• ASSIGNMENT: As the answer, set down the lines below from the one containing "一款休闲类小游戏,故事发生在" through the one containing "The 59th Executive", exactly and inclusively, and no others.

• DATASET RECORDS:

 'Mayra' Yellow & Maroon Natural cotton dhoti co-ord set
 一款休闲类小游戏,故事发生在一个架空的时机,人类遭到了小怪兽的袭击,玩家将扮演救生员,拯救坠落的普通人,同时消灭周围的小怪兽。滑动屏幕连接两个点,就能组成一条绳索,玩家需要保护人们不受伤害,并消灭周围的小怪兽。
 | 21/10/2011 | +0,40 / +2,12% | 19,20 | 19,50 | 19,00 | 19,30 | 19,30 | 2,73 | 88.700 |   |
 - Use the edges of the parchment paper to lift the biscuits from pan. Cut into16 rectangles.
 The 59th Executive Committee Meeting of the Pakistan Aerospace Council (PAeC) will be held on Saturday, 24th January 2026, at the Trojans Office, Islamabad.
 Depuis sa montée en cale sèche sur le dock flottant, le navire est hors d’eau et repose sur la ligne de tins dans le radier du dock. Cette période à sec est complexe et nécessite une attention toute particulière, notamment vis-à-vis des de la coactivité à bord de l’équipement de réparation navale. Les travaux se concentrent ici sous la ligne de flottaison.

--

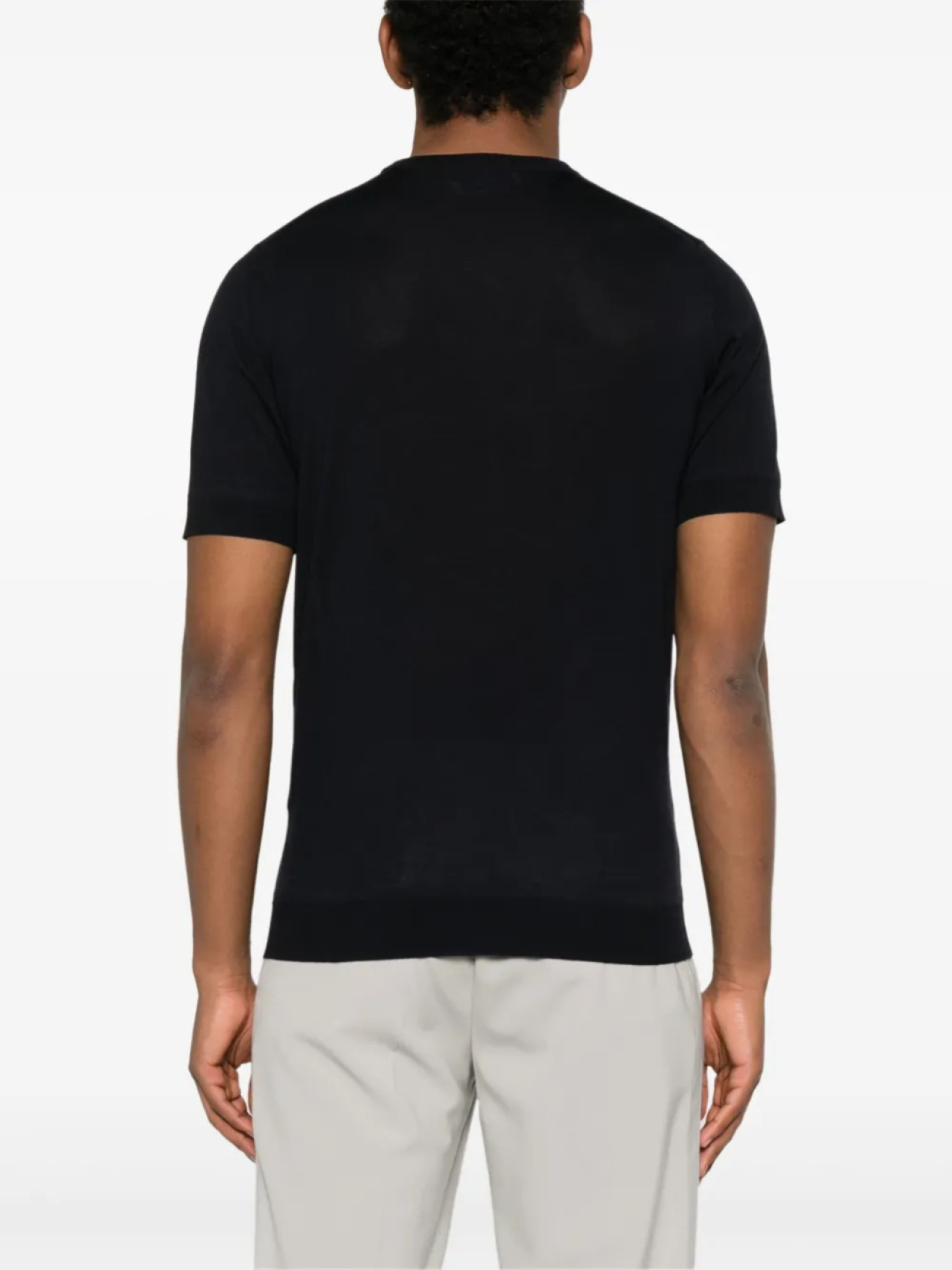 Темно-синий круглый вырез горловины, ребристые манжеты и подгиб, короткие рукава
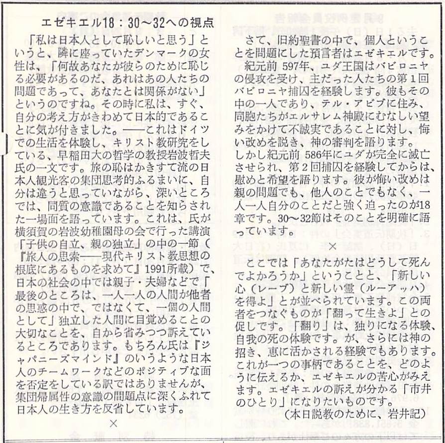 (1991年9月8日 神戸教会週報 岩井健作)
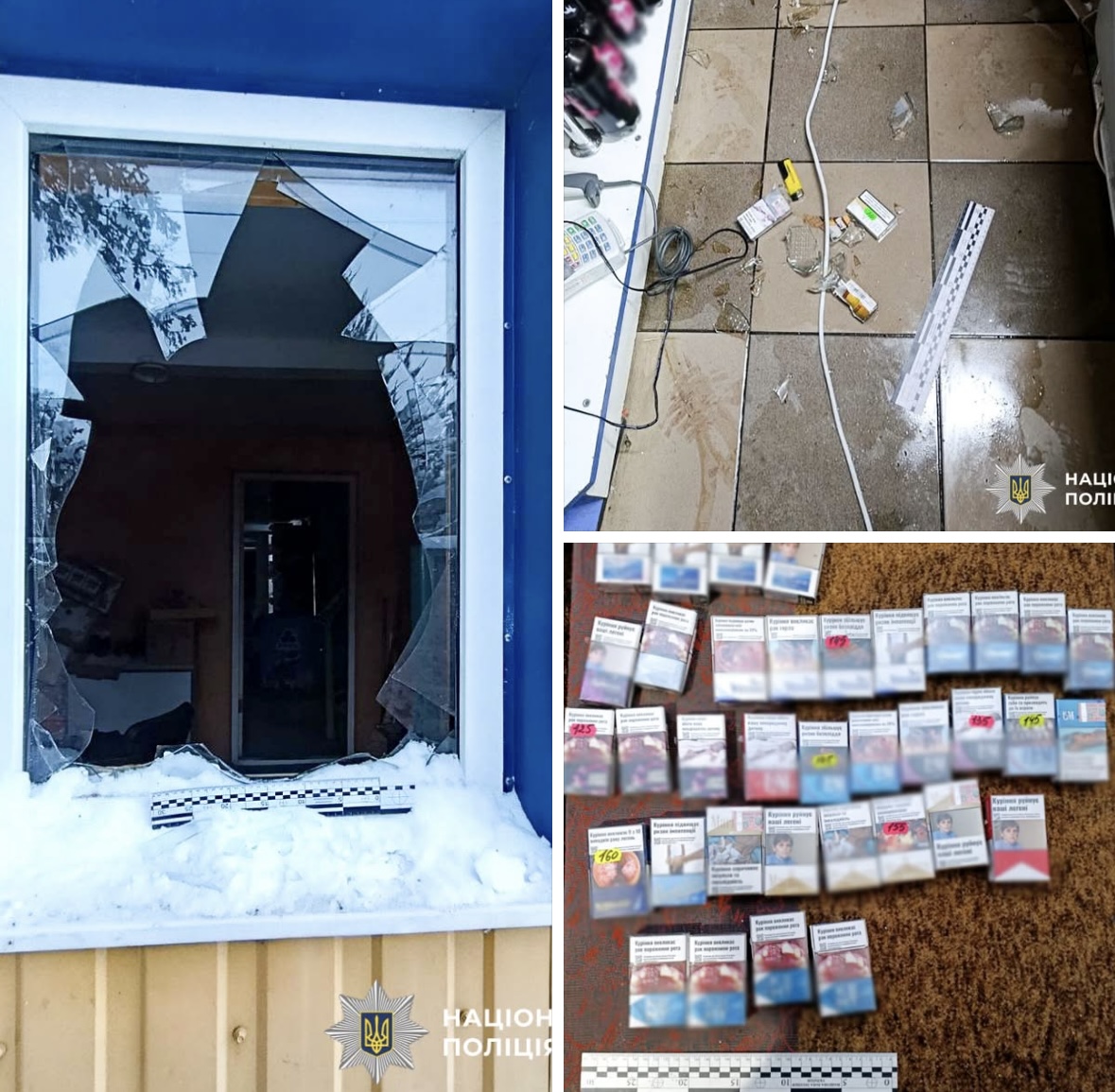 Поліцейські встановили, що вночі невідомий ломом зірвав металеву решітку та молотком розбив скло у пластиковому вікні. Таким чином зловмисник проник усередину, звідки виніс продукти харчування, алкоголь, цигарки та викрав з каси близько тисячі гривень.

---

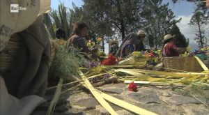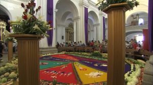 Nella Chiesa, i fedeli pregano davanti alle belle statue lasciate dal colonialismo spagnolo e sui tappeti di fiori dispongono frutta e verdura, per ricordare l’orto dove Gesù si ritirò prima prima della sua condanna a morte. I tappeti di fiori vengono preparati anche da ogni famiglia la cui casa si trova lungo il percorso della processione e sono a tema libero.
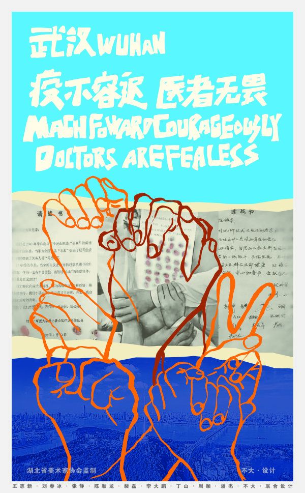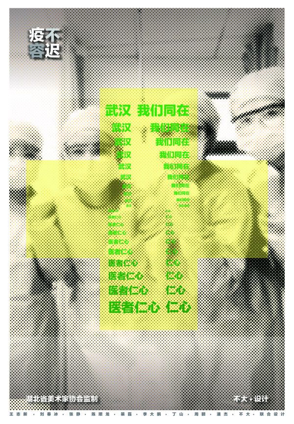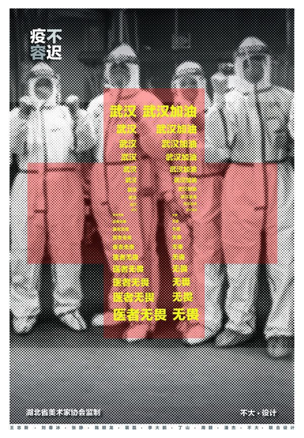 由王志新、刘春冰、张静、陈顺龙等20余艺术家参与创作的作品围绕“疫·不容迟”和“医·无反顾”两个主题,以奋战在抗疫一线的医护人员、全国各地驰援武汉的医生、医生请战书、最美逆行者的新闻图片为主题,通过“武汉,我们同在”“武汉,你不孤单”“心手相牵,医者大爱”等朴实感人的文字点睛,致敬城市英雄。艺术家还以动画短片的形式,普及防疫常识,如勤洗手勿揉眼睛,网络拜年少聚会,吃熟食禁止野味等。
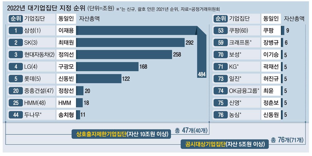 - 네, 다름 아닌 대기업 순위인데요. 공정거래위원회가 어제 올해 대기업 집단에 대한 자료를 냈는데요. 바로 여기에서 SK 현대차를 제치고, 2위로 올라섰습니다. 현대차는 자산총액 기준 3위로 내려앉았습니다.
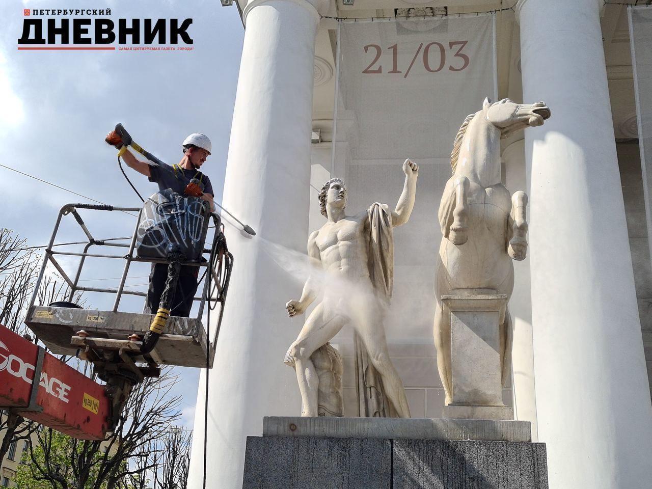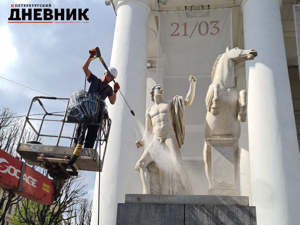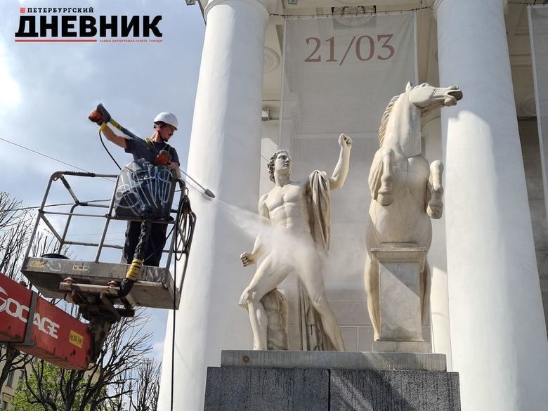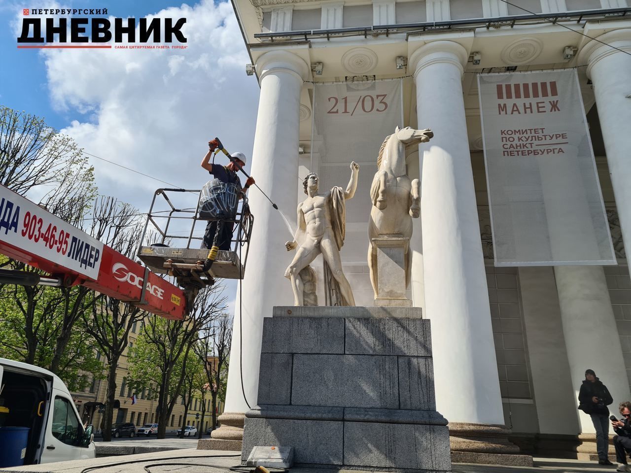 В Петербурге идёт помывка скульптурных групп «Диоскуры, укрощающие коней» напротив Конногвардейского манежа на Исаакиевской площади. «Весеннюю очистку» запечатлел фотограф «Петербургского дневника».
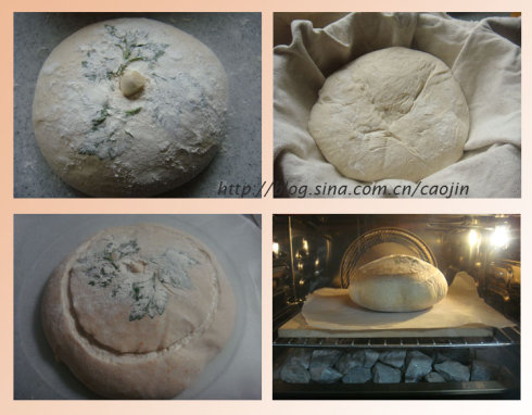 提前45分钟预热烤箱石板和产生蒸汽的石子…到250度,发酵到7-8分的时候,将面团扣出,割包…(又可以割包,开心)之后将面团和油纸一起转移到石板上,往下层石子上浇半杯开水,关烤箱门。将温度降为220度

• EXPECTED ANSWER:
 一款休闲类小游戏,故事发生在一个架空的时机,人类遭到了小怪兽的袭击,玩家将扮演救生员,拯救坠落的普通人,同时消灭周围的小怪兽。滑动屏幕连接两个点,就能组成一条绳索,玩家需要保护人们不受伤害,并消灭周围的小怪兽。
 | 21/10/2011 | +0,40 / +2,12% | 19,20 | 19,50 | 19,00 | 19,30 | 19,30 | 2,73 | 88.700 |   |
 - Use the edges of the parchment paper to lift the biscuits from pan. Cut into16 rectangles.
 The 59th Executive Committee Meeting of the Pakistan Aerospace Council (PAeC) will be held on Saturday, 24th January 2026, at the Trojans Office, Islamabad.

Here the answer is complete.